**Problem details:** Write out exactly the lines below from the one containing "FEATURES- V-neckline, sleeveless" to the last, both ends kept, and nothing more; skip all pictures.

[Source data]
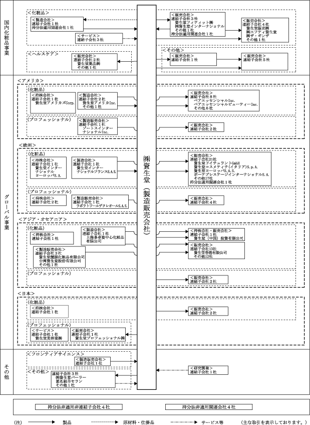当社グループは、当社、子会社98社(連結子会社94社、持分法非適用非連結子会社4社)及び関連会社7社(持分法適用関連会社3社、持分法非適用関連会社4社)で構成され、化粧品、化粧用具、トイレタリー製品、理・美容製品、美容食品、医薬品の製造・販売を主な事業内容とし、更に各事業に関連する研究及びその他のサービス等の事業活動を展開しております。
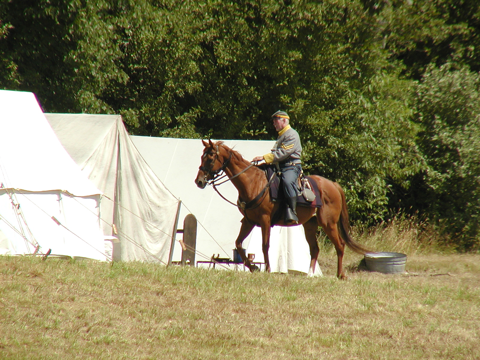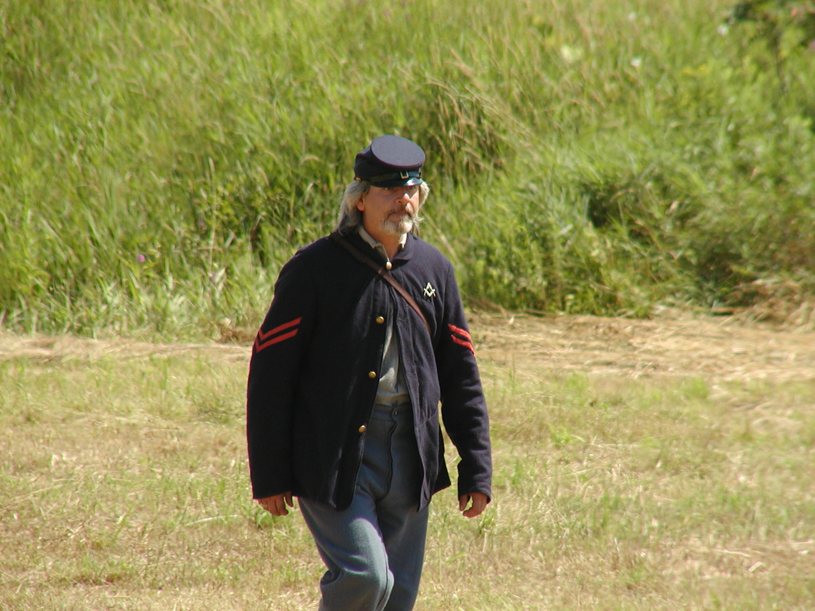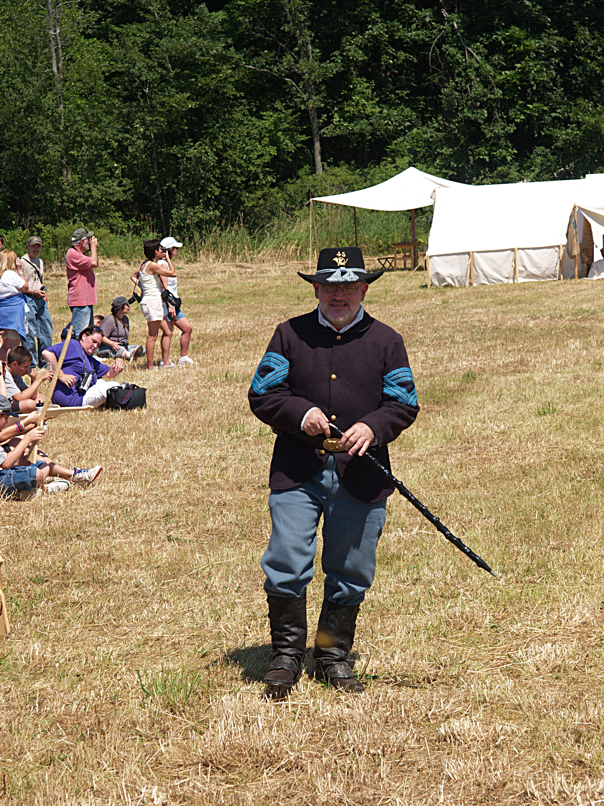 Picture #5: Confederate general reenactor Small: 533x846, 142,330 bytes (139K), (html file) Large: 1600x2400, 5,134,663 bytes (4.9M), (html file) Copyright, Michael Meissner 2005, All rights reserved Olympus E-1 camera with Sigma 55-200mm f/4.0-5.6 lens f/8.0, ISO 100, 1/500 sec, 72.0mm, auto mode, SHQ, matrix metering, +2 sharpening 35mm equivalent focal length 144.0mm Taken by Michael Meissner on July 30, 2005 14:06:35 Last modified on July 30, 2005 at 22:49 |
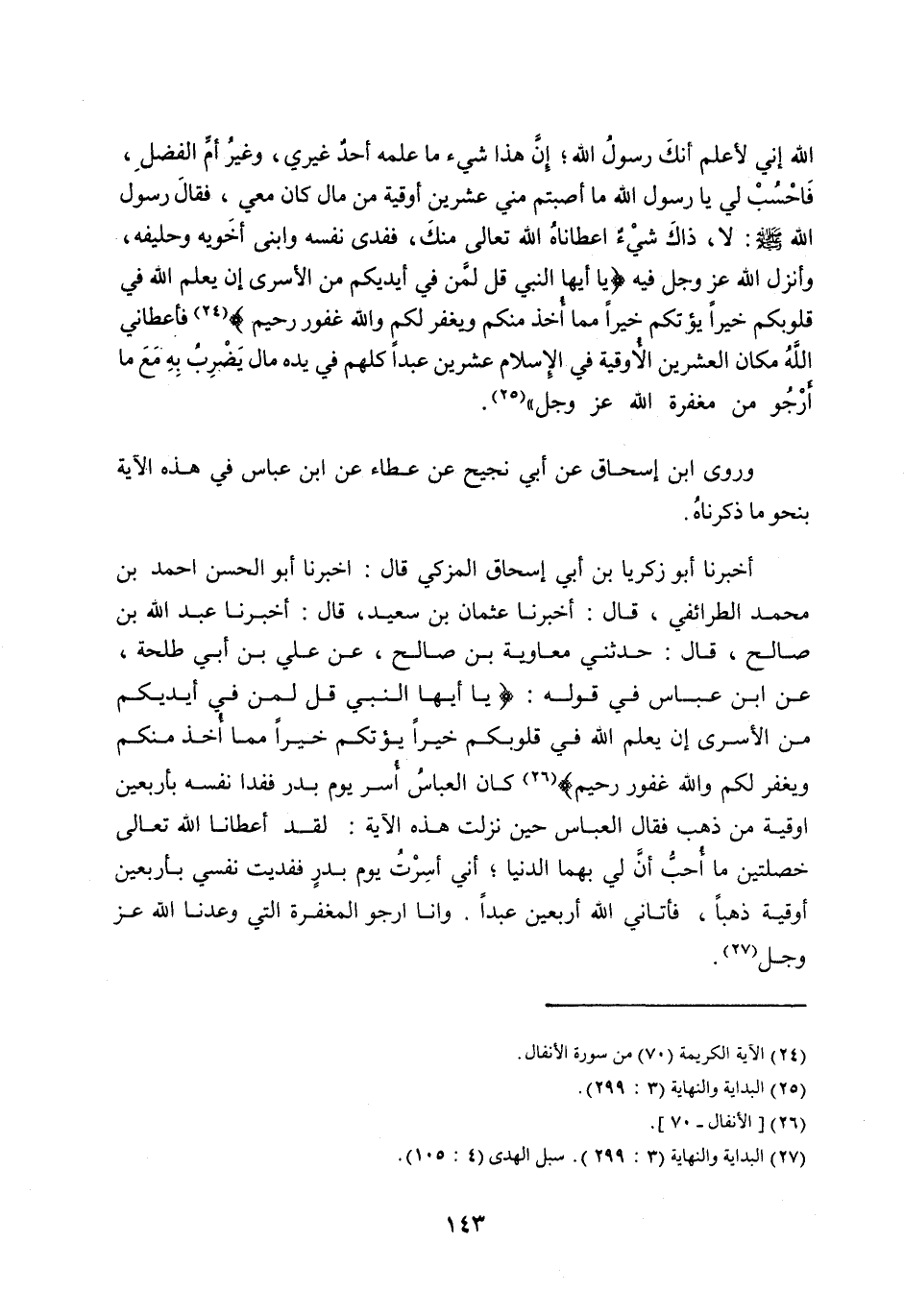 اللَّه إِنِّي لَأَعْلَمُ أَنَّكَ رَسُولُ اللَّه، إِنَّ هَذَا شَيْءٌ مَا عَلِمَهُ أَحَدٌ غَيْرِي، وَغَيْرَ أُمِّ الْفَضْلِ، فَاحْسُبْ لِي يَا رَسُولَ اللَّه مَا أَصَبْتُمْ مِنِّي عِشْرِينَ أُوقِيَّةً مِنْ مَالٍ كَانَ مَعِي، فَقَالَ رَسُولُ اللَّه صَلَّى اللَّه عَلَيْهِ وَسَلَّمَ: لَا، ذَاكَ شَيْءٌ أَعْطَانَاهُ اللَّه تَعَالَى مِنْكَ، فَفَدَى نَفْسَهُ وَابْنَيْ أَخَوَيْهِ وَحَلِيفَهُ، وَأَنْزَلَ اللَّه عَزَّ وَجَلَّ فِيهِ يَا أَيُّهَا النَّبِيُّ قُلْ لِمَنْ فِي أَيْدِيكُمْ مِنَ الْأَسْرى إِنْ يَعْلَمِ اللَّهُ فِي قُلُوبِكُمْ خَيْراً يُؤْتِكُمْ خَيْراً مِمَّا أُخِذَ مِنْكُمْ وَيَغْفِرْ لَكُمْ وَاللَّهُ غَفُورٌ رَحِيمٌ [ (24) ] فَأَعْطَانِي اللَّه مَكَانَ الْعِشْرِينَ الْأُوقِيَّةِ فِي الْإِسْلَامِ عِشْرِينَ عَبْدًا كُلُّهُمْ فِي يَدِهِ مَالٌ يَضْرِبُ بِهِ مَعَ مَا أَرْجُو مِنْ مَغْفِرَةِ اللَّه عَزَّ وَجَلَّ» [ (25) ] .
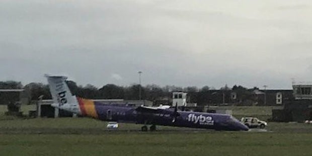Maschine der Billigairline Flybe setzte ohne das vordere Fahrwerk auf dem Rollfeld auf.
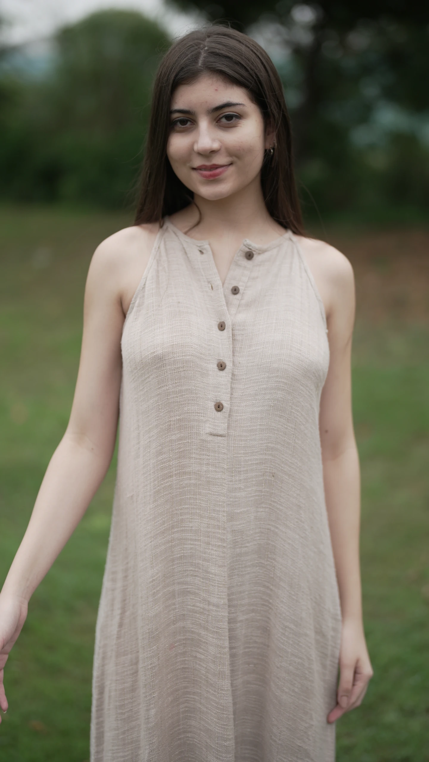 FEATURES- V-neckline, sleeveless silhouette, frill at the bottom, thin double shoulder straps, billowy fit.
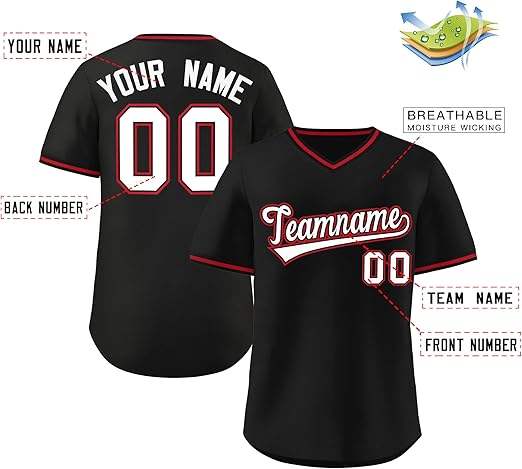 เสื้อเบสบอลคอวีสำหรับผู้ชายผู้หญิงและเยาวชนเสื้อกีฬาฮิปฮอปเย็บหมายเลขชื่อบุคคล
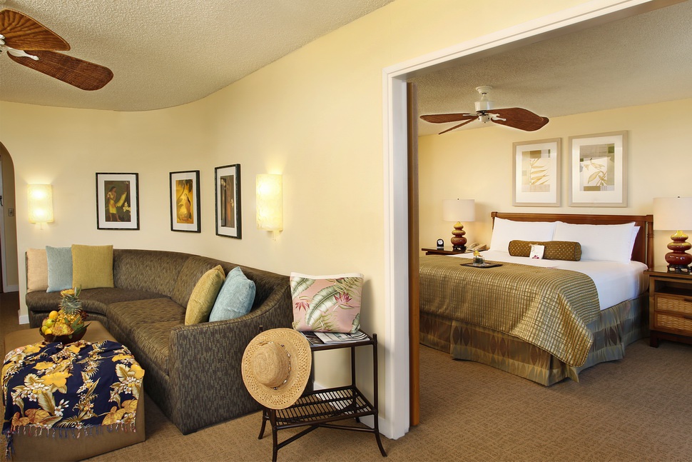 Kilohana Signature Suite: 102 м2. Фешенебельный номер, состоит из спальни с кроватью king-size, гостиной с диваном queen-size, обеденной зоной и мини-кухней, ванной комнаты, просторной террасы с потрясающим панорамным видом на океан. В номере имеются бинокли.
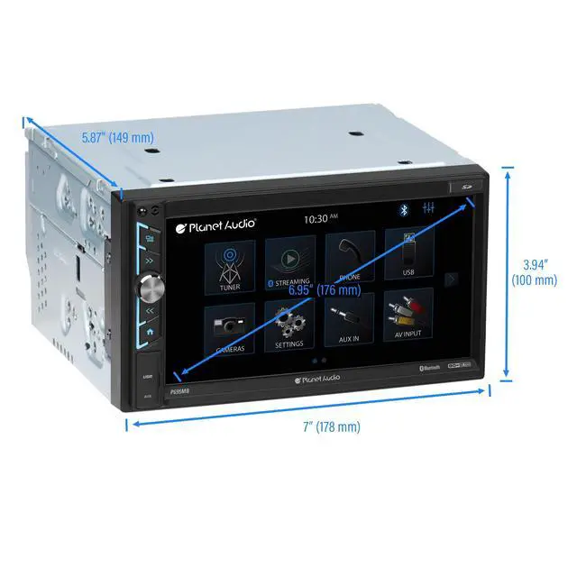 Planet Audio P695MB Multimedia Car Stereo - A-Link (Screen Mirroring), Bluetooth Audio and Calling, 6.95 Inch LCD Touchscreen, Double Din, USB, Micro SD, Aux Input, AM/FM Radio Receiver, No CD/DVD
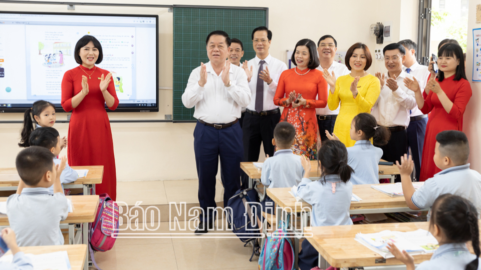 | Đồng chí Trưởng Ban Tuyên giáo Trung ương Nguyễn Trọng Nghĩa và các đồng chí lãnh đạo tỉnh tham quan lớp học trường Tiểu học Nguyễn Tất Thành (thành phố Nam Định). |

**Result below:**
 FEATURES- V-neckline, sleeveless silhouette, frill at the bottom, thin double shoulder straps, billowy fit.
 เสื้อเบสบอลคอวีสำหรับผู้ชายผู้หญิงและเยาวชนเสื้อกีฬาฮิปฮอปเย็บหมายเลขชื่อบุคคล
 Kilohana Signature Suite: 102 м2. Фешенебельный номер, состоит из спальни с кроватью king-size, гостиной с диваном queen-size, обеденной зоной и мини-кухней, ванной комнаты, просторной террасы с потрясающим панорамным видом на океан. В номере имеются бинокли.
 Planet Audio P695MB Multimedia Car Stereo - A-Link (Screen Mirroring), Bluetooth Audio and Calling, 6.95 Inch LCD Touchscreen, Double Din, USB, Micro SD, Aux Input, AM/FM Radio Receiver, No CD/DVD
 | Đồng chí Trưởng Ban Tuyên giáo Trung ương Nguyễn Trọng Nghĩa và các đồng chí lãnh đạo tỉnh tham quan lớp học trường Tiểu học Nguyễn Tất Thành (thành phố Nam Định). |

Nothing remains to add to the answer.